__What you have to do__.
Up to and including the line that contains "地处热带的泰国常年气候炎热,在那经常可以", repeat the entries below exactly from the first line on. Do not carry over any pictures.

__Given entries__.

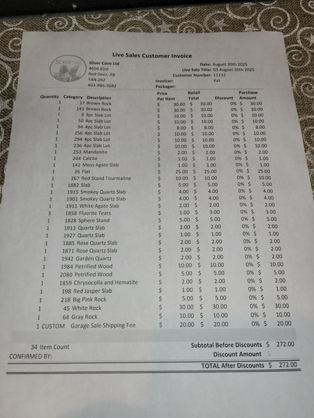 This is your invoice for the date listed above, and we hope you are as excited to get your items as we are! A photo of you invoice and your item(s) are included in this listing for you to review.
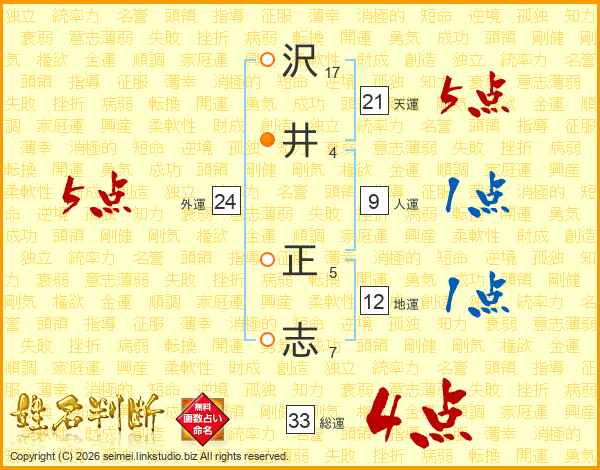 あなたの人生を表す1番重要な運勢です。生涯を通じて影響する総合運となり、主に50歳以降の晩年期に影響を及ぼします。苗字と名前の合計画数。
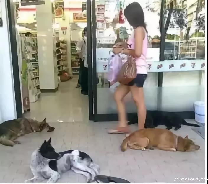 地处热带的泰国常年气候炎热,在那经常可以看到这样的画面:流浪动物们横七竖八地躺在超市门口,享受着店内的空气,一点也不怕人。
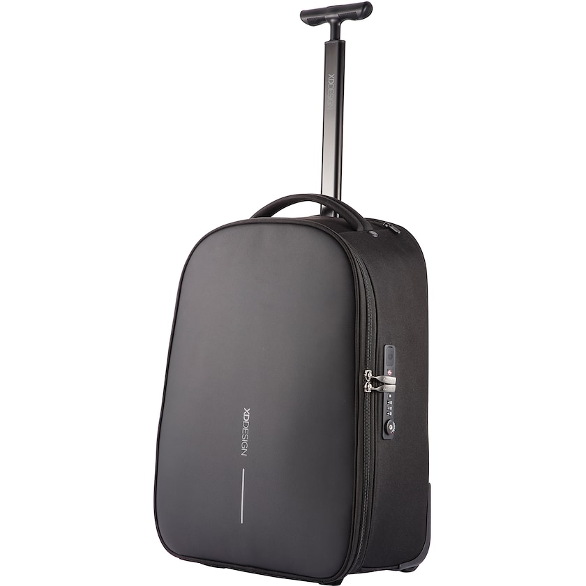 Zaino trolley ecologico con antifurto. Lo zaino è realizzato in rPET, ossia in bottiglie di PET riciclate. Funge sia da trolley che da zaino ed è perfetto per i viaggi più brevi. Quando viene usato come trolley è possibile nascondere gli spallacci; quando invece viene usato come zaino si possono nascondere le ruote. Lo zaino è dotato anche di una protezione antifurto all'avanguardia. Design registrato®.
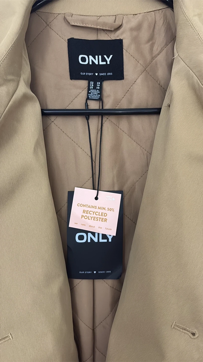 This is a tan short trench coat from ONLY. It's made with a minimum of 50% recycled polyester. Features a quilted lining and a classic double-breasted button closure.
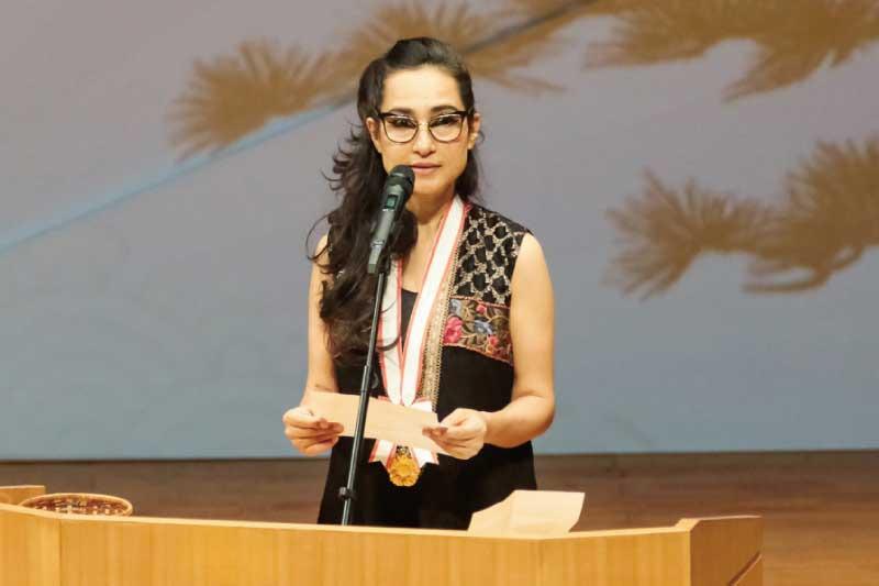 その後、選考経過報告、受賞者の功績紹介、賞状・メダル授与と続き、スピーチ・インタビューでは、タイモン・スクリーチ氏は「福岡は過去何世紀にも渡って国際交流の地として知られており、福岡の人々からのこの賞を受賞できることは格別の光栄である。」と、シャジア・シカンダー氏は「この賞を、アジアの知識、歴史、革新性を認識し称える、若い世代に捧げます。」と、林英哲氏は「世の風が激しく吹きすさぶ現代であればこそ、人々を前向きにさせる音や表現は必要で、そのような表現を目指して今後も歩んで行こうと思う。」と、熱く語りました。

__Reply to the task__.
 This is your invoice for the date listed above, and we hope you are as excited to get your items as we are! A photo of you invoice and your item(s) are included in this listing for you to review.
 あなたの人生を表す1番重要な運勢です。生涯を通じて影響する総合運となり、主に50歳以降の晩年期に影響を及ぼします。苗字と名前の合計画数。
 地处热带的泰国常年气候炎热,在那经常可以看到这样的画面:流浪动物们横七竖八地躺在超市门口,享受着店内的空气,一点也不怕人。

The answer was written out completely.